Features

Now’s the Time for Thinking About Those Spring Vegetables

By Shirley Barker
Tuesday January 29, 2008

Snow, rain, wind. It’s that time of year when snuggling under an eiderdown, preferably with furry four-pawed friends, seems the only way to keep warm. 

It’s a great time to tuck up the garden, too. A thick layer of mulch and soil amendments placed on the vegetable beds now—stable manure, worm compost, hay, pine shavings—will quickly rot in snow, rain and wind, and be ready to turn under in the hyperactive months ahead, March, April and May, when we expect it to be warm enough above and below ground to plant. 

What to choose? The gardening year starts in fall in California, with winter rains breaking the dormancy of seeds of native flowers. In our climate, between Tilden Park and the Bay, cool-weather vegetables can be grown in fall too, as well as spring, depending on the micro-climate of the garden, except for favas, garlic and celery, which are best grown only in fall, no later than Oct. 15.  

Celery is a marsh plant. If sown as seeds in a pot, put the pot in a shallow dish of water for constant moisture. Commercial six-packs of young plants transplant well. 

Peas can be soaked overnight, to speed germination. Sow seeds where they are to come up, in moist soil, as they dislike being transplanted. Do not water until leaves appear.  

Most of the leafy Brassicas can be started in August or February as seeds. Transplant when true leaves appear. They like heavy soil, plenty of manure, and should be firmly and deeply pressed into the earth to just below their leaves. Do not buy large leggy plants. 

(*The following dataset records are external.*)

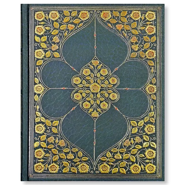Okładka inspirowana oprawą poematu „Pani na Shalott" lorda Alfreda Tennysona, stworzona przez Sangorski and Sutcliffe.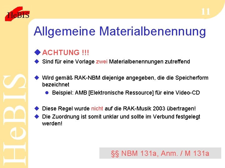 He. BIS 11 Allgemeine Materialbenennung u ACHTUNG !!! u Sind für eine Vorlage zwei Materialbenennungen zutreffend u Wird gemäß RAK-NBM diejenige angegeben, die Speicherform bezeichnet n Beispiel: AMB [Elektronische Ressource] für eine Video-CD u Diese Regel wurde nicht auf die RAK-Musik 2003 übertragen! u Die Zuordnung ist somit unklar und sollte im Verbund festgelegt werden! §§ NBM 131 a, Anm. / M 131 a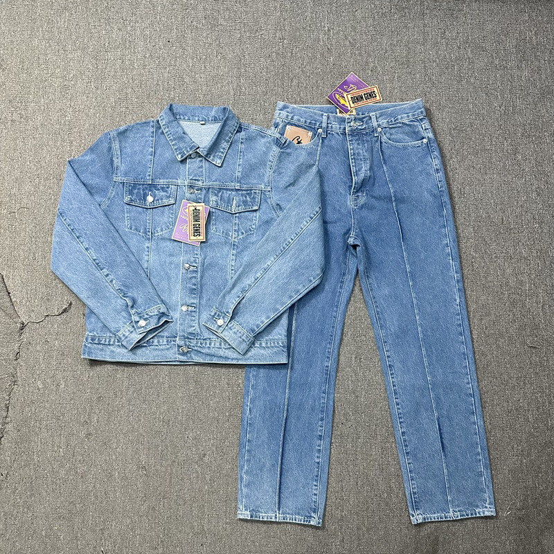 E01-джинсовая куртка (голубая); E01-джинсовые брюки (голубой); E01 Джинсовая куртка + джинсовый брючный костюм (голубой); E01-джинсовая куртка [черная]; E01-джинсовые брюки [черные]; E01-джинсовая куртка + джинсовый брючный костюм черного цвета; E01-джинсовые брюки (серые)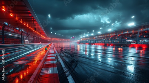 Nighttime View of Wet Race Track With Illuminated Stands and Red Lights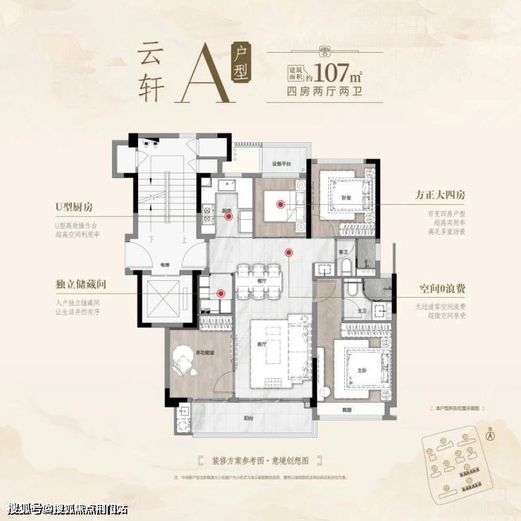 户型107㎡为10F小洋房,南北通透,采用四房两卫甚至还有一个储藏间,是眼下杭城较稀缺的小四房,大部分107㎡只能做到 3房,云涌之江实现了功能性4 房。不要小看这一个房间,基本满足二胎家庭甚至三代同堂的需求。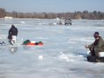 we snapped a few pictures of going on the lake, the ice of water here and there, -nothing serious-, shore line entry had a few ruts on the ice id stay away from;- other than that 2 ft of ice;- Our first Victims were spotted right away;;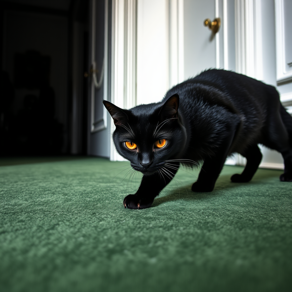 A sinister cat with blazing red eyes and an ominous glare, its fur a deep, jet black with subtle streaks of gray, prowls across the shimmering surface of a luxurious apartment's green carpet, which eerily mirrors scenes from Dante's Inferno. The stark black of the cat's coat stands out dramatically against the pristine white walls as it emerges from a shadowy hallway. The focus is from a low angle, enhancing the cat's realistic and menacing features against the backdrop of its elegant surroundings.

Mustard grows very fast. Sow directly. 

Turnips are sown directly. Protect against an egg-laying moth, whose caterpillars tunnel into turnip globes and ruin them, by covering with screen or by sowing only in fall. 

Carrots, Beets, Chard, Spinach and Onions can be sown directly and thinned later (which tends to uproot all of them) or sown in pots and transplanted later. 

Radishes can be spaced when sown. Keep the bed moist. 

LETTUCE and its relatives can be sown or bought as plants. 

POTATOES are frost tender. Plant between mid February to mid March for early potatoes. The tubers are formed on lateral rhizomes that grow from the stalks, so by mounding the plants with earth and organic material as they grow, more rhizomes and therefore more potatoes can develop. Potatoes will be found just below the surface, so be sure to keep them well mulched. Sunlight turns them green and inedible. 

Remember to defend leafy seedlings (cabbages, lettuce) from slugs, snails and cutworms with a collar of copper strip, sold by the foot in nurseries. Better still, acquire a pair of ducks. You will never again see a snail in your garden. Just be sure to shut the ducks securely into a cosy, well-ventilated coop every night at twilight, or they will be killed by raccoons. Ducks thrive on a daytime routine of snail patrol (and other foodstuffs of course) and nights spent safely on a deep litter bed of clean pine shavings. 

Keep the litter stirred, periodically refresh it, and totally replace it twice a year. Animal Farm on San Pablo at Cedar sells big bags of pine shavings. By year’s end you will have several bags of mulch already fortified with nutrients with which to coddle your vegetable beds when snow, rain and wind come round again in our cycle of local weather. 

Long before that, by Easter probably, you will have enjoyed fresh eggs with your flavor-rich, organically-grown vegetables.